Monsignor Silvano Maria Tomasi

A sua volta, senza il chiodo della realtà, neanche la fede può stare in piedi, ha spiegato Carrón, riprendendo sinteticamente i temi affrontati dagli altri relatori. È la distanza da noi stessi che rende difficile credere, la poca attenzione alle domande più urgenti che emergono dalla vita stessa. Perché dietro l’apparente pretesa di autosufficienza dell’uomo contemporaneo si nascondono tante ferite che attendono una risposta. “Dov’è Dio?” è la domanda che vibra tra la gente comune, dice la guida di CL, non più solo il grido di fronte all’Olocausto. È la domanda che si fa l’Innominato di Manzoni, immagine universale dell’uomo in ricerca.

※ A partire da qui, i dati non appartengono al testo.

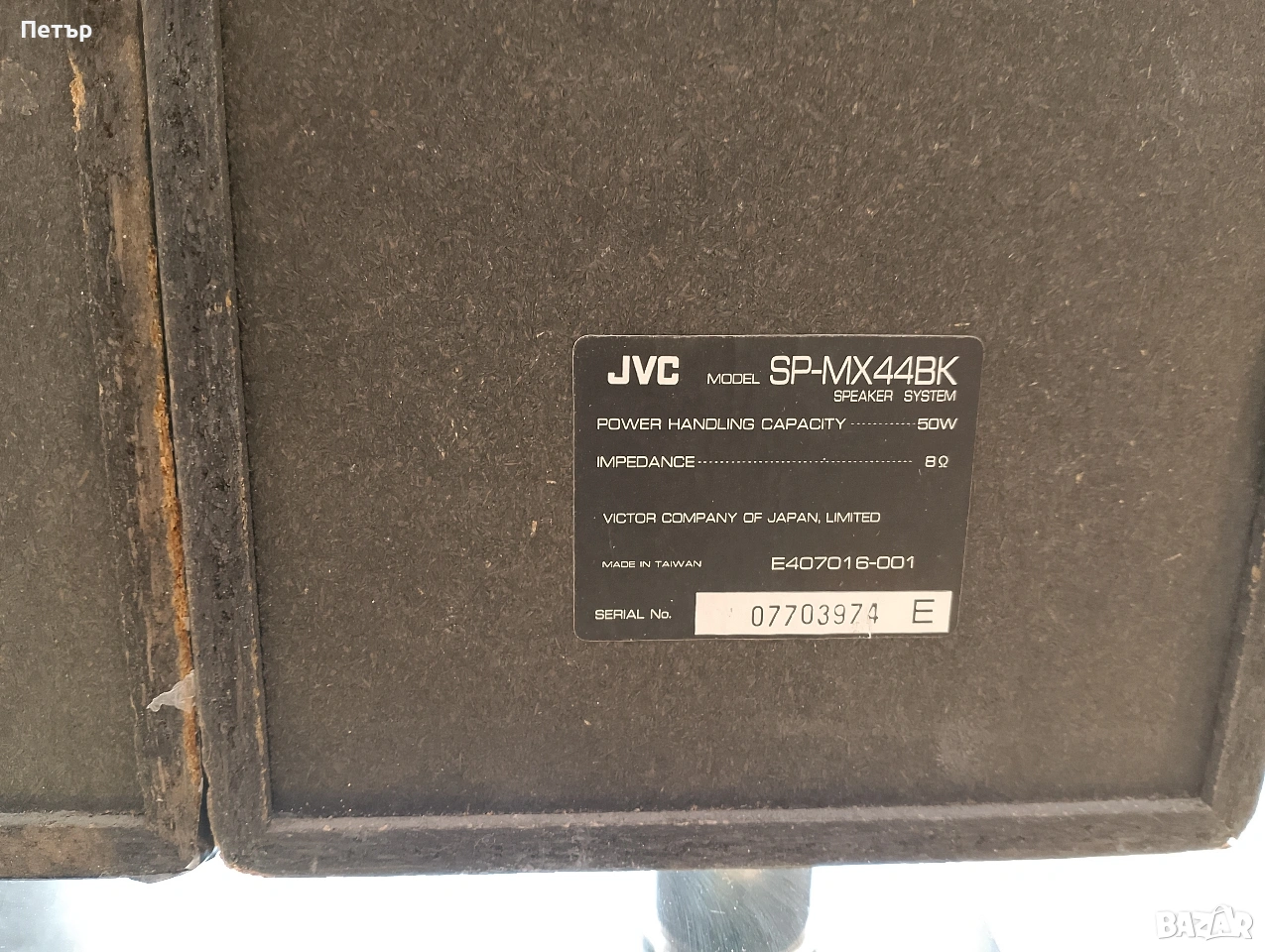 Продавам перфектно работещи тонколони JVC model SP-MX44BK.Едната задна щипка(червената) на едната тонколона е счупена,но при осигуряване на контакт с проводника с кабела с допълнителна щипка работи перфектно.Показано е на последната снимка.Разбира се и допълнителната щипка е включена в комплекта.Колоните са двулентови,50W,импеданс 8 ома.Размери ширина 17 см,височина 34 см,дълбочина 24 см.Сега на промоция-20 евро чифта до 01.05.

L’uomo contemporaneo percepisce Dio come lontano e l’esigenza di «completare il racconto» evangelico nasce, ha spiegato Carrón, parlando del suo passato di studioso, dal fatto che «la vicinanza presente di Dio era ciò che mi faceva godere di più del racconto. Era qualcosa di presente che faceva parlare di più le pagine del Vangelo». È stato l’incontro con don Giussani che gli ha permesso il percepire sempre di più questa vicinanza, perché rendeva il cristianesimo un’esperienza quotidiana.

La platea del Teatro Italia

Sul chiodo della realtà, ha aggiunto, si può appendere anche la posizione di fronte alla secolarizzazione. È nella realtà che emerge la fragilità della certezza di Kant nella capacità delle regole morali di legittimare autonomamente se stesse. «Potrà resistere lo Stato senza un fondamento adeguato?», si è chiesto Carrón riprendendo Böckenförde. Passa da qui anche l’utilità sociale del cristianesimo, la sua possibilità di cooperare, davvero, al bene comune. «Come cristiani ci interessa recuperare il valore della fede anche come contributo per la società», ha concluso: «Per poter offrire alle persone con cui conviviamo tutto quello che abbiamo ricevuto».